PROBLEM DESCRIPTION:
Your copy should hold exactly the lines from the beginning of the listing below through the line with "227 - وإنما", without any pictures.

AVAILABLE DATA:
[Start of section]

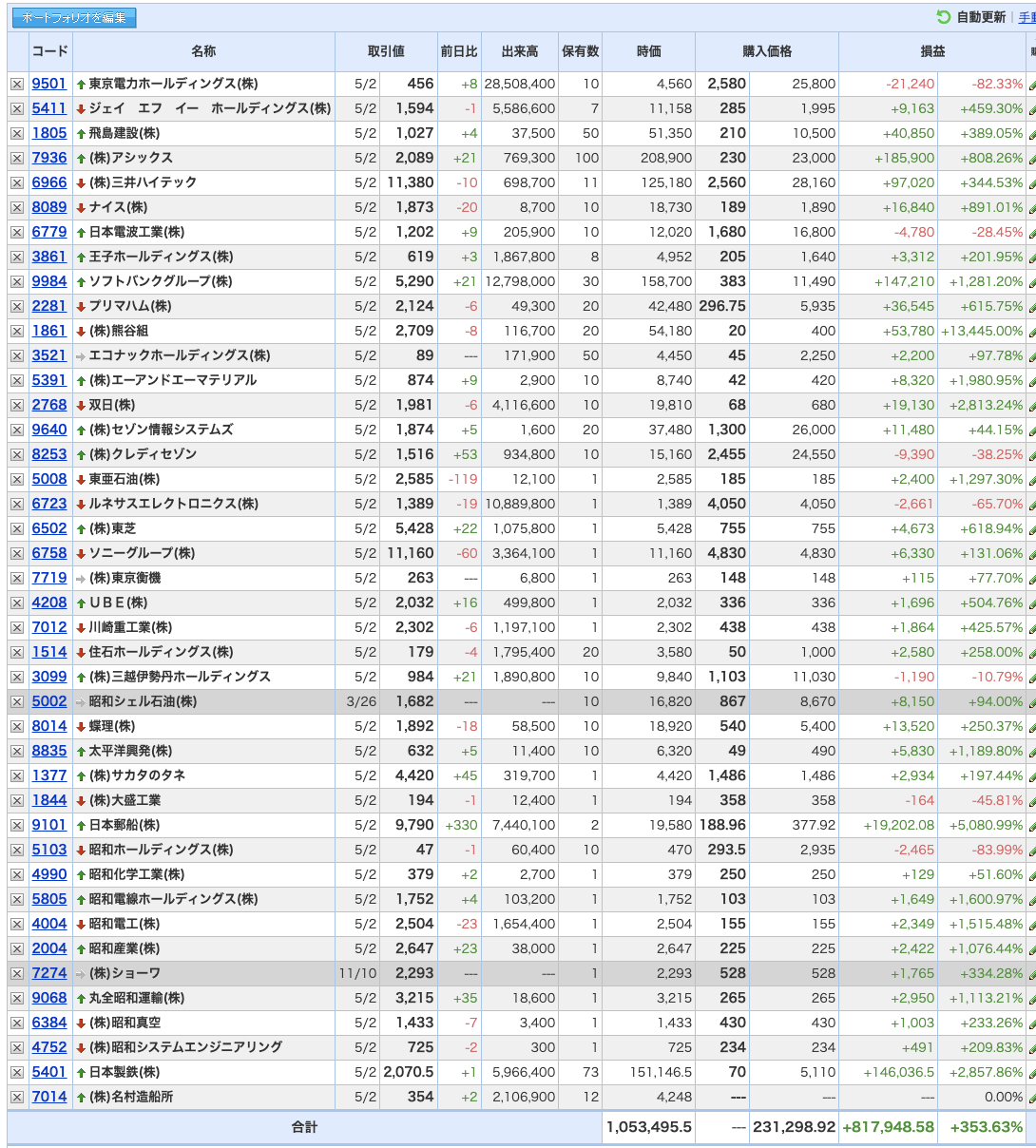 豊嶋康子ミニ投資___¥1,053,495.5(+353.63%)
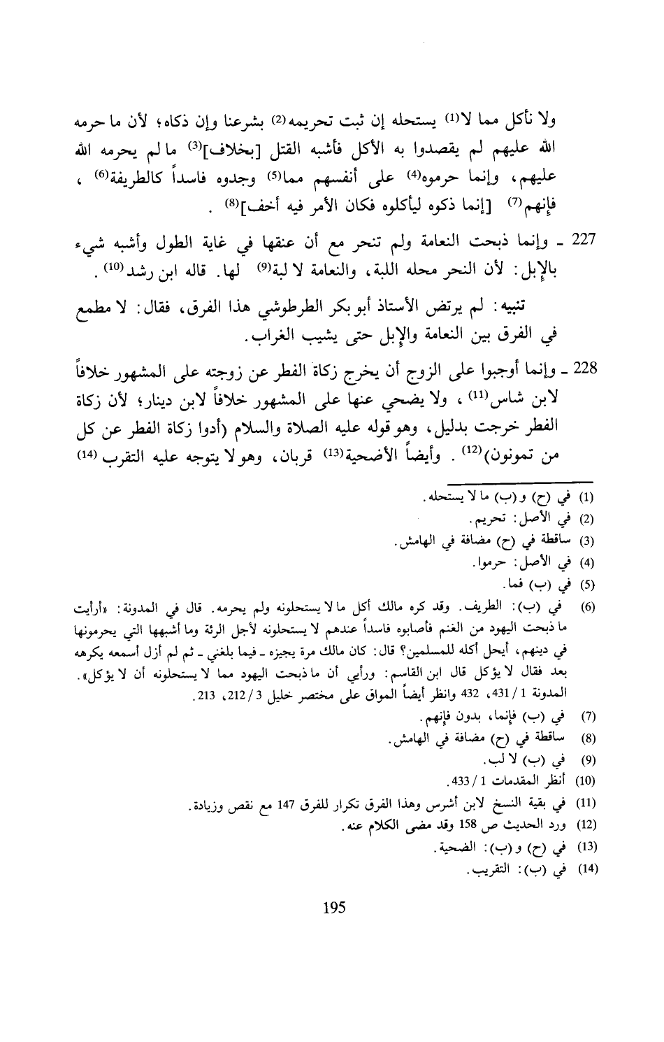227 - وإنما ذبحت النعامة ولم تنحر مع أن عنقها في غاية الطول وأشبه شيء بالإِبل: لأن النحر محله اللبة، والنعامة لا لبة (¬9) لها. قاله ابن رشد (¬10).
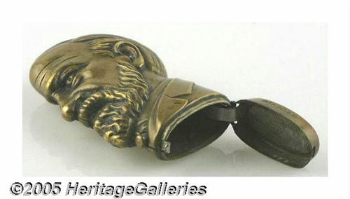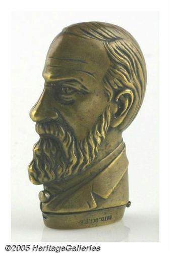 <B>Fine Benjamin Harrison Brass Pocket Match Safe</B></I> Also made in a Grover Cleveland version for his Democratic opponent, and dated 1888, so clearly a campaign issue. Excellent example, with rich patina and complete with the often-missing hinged lid and spring locking mechanism at the bottom. 1.5" x 2.5". Lot:260

[End of section]

OUTPUT OF THE TASK:
 豊嶋康子ミニ投資___¥1,053,495.5(+353.63%)
227 - وإنما ذبحت النعامة ولم تنحر مع أن عنقها في غاية الطول وأشبه شيء بالإِبل: لأن النحر محله اللبة، والنعامة لا لبة (¬9) لها. قاله ابن رشد (¬10).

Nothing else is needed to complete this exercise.